What to do: Using the data that follows, return exactly the lines from the one that contains "Àç¼® ÀÇ¿ø 232ÀÎ" through the one that contains "Une fenêtre d’attribution", ends included.

Supplied material:

- - -

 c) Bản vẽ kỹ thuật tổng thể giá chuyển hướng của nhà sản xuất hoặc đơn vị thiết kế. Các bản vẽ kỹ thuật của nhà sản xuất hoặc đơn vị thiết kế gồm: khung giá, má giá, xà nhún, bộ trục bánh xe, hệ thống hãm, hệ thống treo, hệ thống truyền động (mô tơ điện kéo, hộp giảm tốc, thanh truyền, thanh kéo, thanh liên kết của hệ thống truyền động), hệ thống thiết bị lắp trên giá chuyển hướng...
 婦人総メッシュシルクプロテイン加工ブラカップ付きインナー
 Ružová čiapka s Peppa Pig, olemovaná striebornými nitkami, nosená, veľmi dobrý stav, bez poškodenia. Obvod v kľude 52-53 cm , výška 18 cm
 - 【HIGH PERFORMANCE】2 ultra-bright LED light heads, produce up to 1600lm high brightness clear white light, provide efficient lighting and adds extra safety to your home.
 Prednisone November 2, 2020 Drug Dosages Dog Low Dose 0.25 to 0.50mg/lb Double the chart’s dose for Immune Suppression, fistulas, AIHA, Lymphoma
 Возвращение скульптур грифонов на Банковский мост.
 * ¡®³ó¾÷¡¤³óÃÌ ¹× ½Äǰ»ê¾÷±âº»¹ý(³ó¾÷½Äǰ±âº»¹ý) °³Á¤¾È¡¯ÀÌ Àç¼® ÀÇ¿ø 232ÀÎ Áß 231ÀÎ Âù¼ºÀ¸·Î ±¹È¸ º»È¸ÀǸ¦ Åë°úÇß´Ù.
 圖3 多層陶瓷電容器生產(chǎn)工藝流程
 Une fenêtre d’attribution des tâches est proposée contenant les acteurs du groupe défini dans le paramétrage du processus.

- - -

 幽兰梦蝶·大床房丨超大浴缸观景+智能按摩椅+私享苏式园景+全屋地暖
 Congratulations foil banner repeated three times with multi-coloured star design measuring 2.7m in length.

- - -

Result of this exercise:
 * ¡®³ó¾÷¡¤³óÃÌ ¹× ½Äǰ»ê¾÷±âº»¹ý(³ó¾÷½Äǰ±âº»¹ý) °³Á¤¾È¡¯ÀÌ Àç¼® ÀÇ¿ø 232ÀÎ Áß 231ÀÎ Âù¼ºÀ¸·Î ±¹È¸ º»È¸ÀǸ¦ Åë°úÇß´Ù.
 圖3 多層陶瓷電容器生產(chǎn)工藝流程
 Une fenêtre d’attribution des tâches est proposée contenant les acteurs du groupe défini dans le paramétrage du processus.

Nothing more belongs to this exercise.